Тереза Викторовна уважает своих жильцов. Жильцы уважают Терезу Викторовну. Приват-доцент Острецов, из первой от входа комнаты, в дни ее рождения приносит букет и конфеты. Инженер Бер — он из угловой — сам чинит электричество в квартире и снабжает хозяйку мукой и маслом, без чего утренние завтраки уже давно отошли бы в прошлое, как и многие иные похвальные привычки этой квартиры. Воробьев и Синьков иногда врываются в ее тихую, уставленную и увешанную семейными портретами комнату, шумно выбрасывают на стол кульки, свертки, баночки. Тереза Викторовна смотрит на молодых людей с трогательной улыбкой и вечером приглашает их пить чай. Чай подается в подстаканниках, и у каждого свернутая уголком, отглаженная кремовая салфеточка.
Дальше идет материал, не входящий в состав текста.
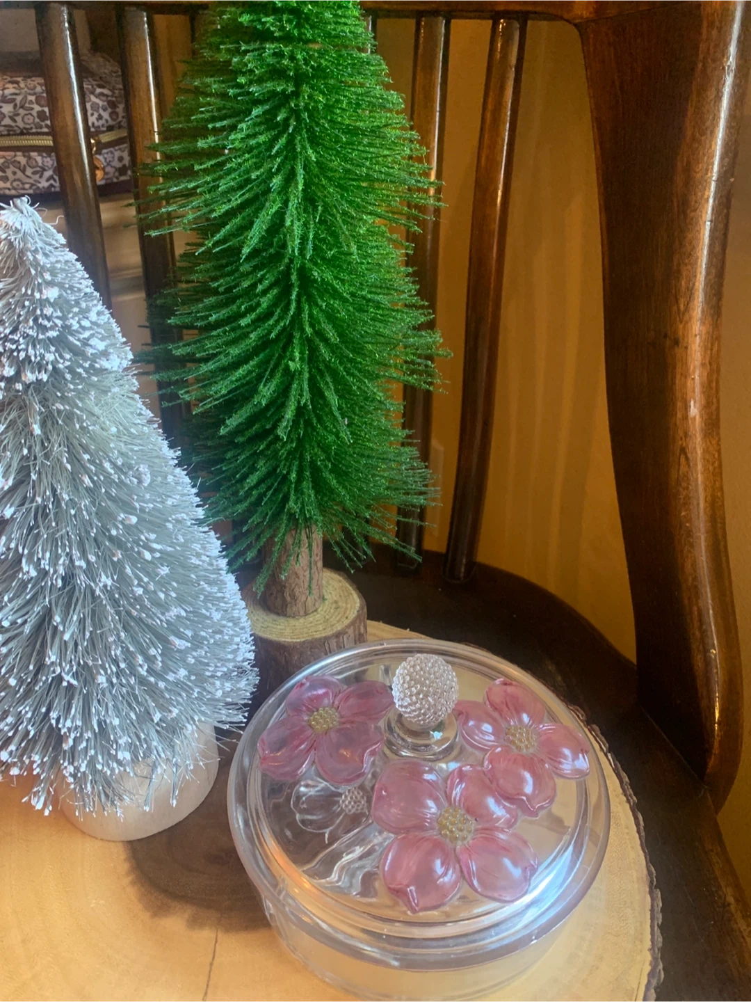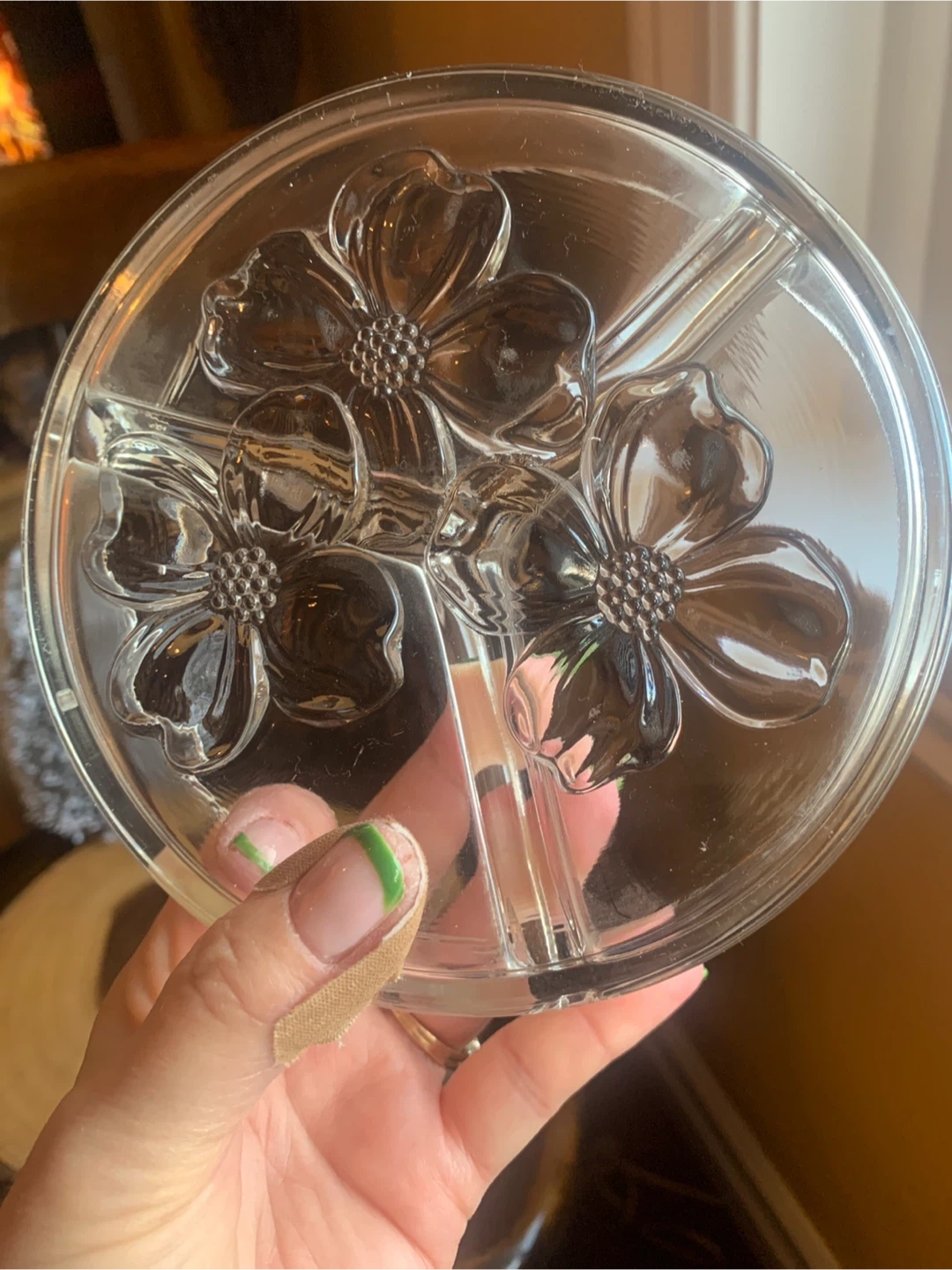 This clear vintage glass candy dish features a decorative lid with embossed pink dogwood flowers and a pretty textured glass knob. Made in the 1940’s-1950’s by Colony Glass. It's divided into three sections inside. The dogwood blossoms are embossed at the bottom as well. There are no chips or cracks. It's a pretty piece for serving treats, candies or displaying small items like jewelry!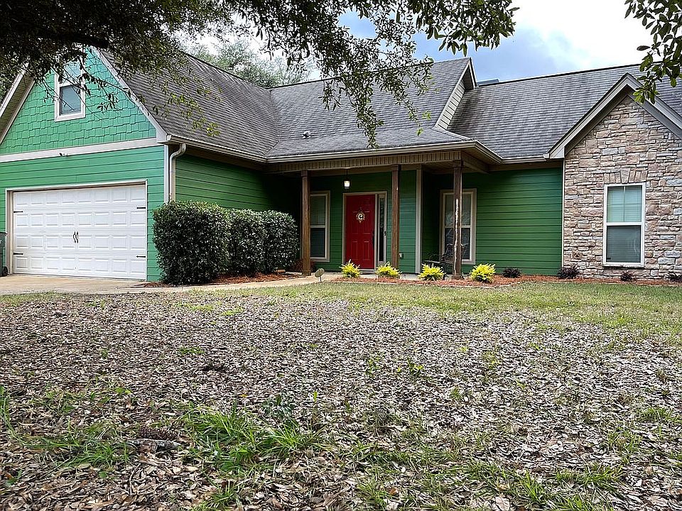This wonderful 4 bed/2ba home has one bedroom upstairs or could be used as a BONUS rm. SPLIT bedroom plan. Brand new carpet upstairs and in Master/2021. Large master bedroom - high vaulted ceiling, 2 walk in closets, soaking tub. HUGE backyard, backs up to tree line. Enjoy watching the stars, relaxing peacefully in quiet backyard. Very private, no looking into your neighbor’s yard!!! Yard extends beyond the fence. Storm door on back, level yard, shade from trees, Gutters, new Bryant thermostat. Just minutes from Fort Benning!!

Тереза Викторовна не задумывается о происхождении всех этих кульков и свертков, этого изобилия, налетающего шквалом как раз в самое трудное время, когда «все безумно дорого и нигде ничего нет». Они такие сильные и жизнерадостные, эти молодые офицеры. Они куда-то часто уезжают с желтыми кожаными чемоданчиками в руках. Вернувшись, они спят круглые сутки. Теперь такая трудная дорога, никто не считается с первым, вторым классом и спальными местами…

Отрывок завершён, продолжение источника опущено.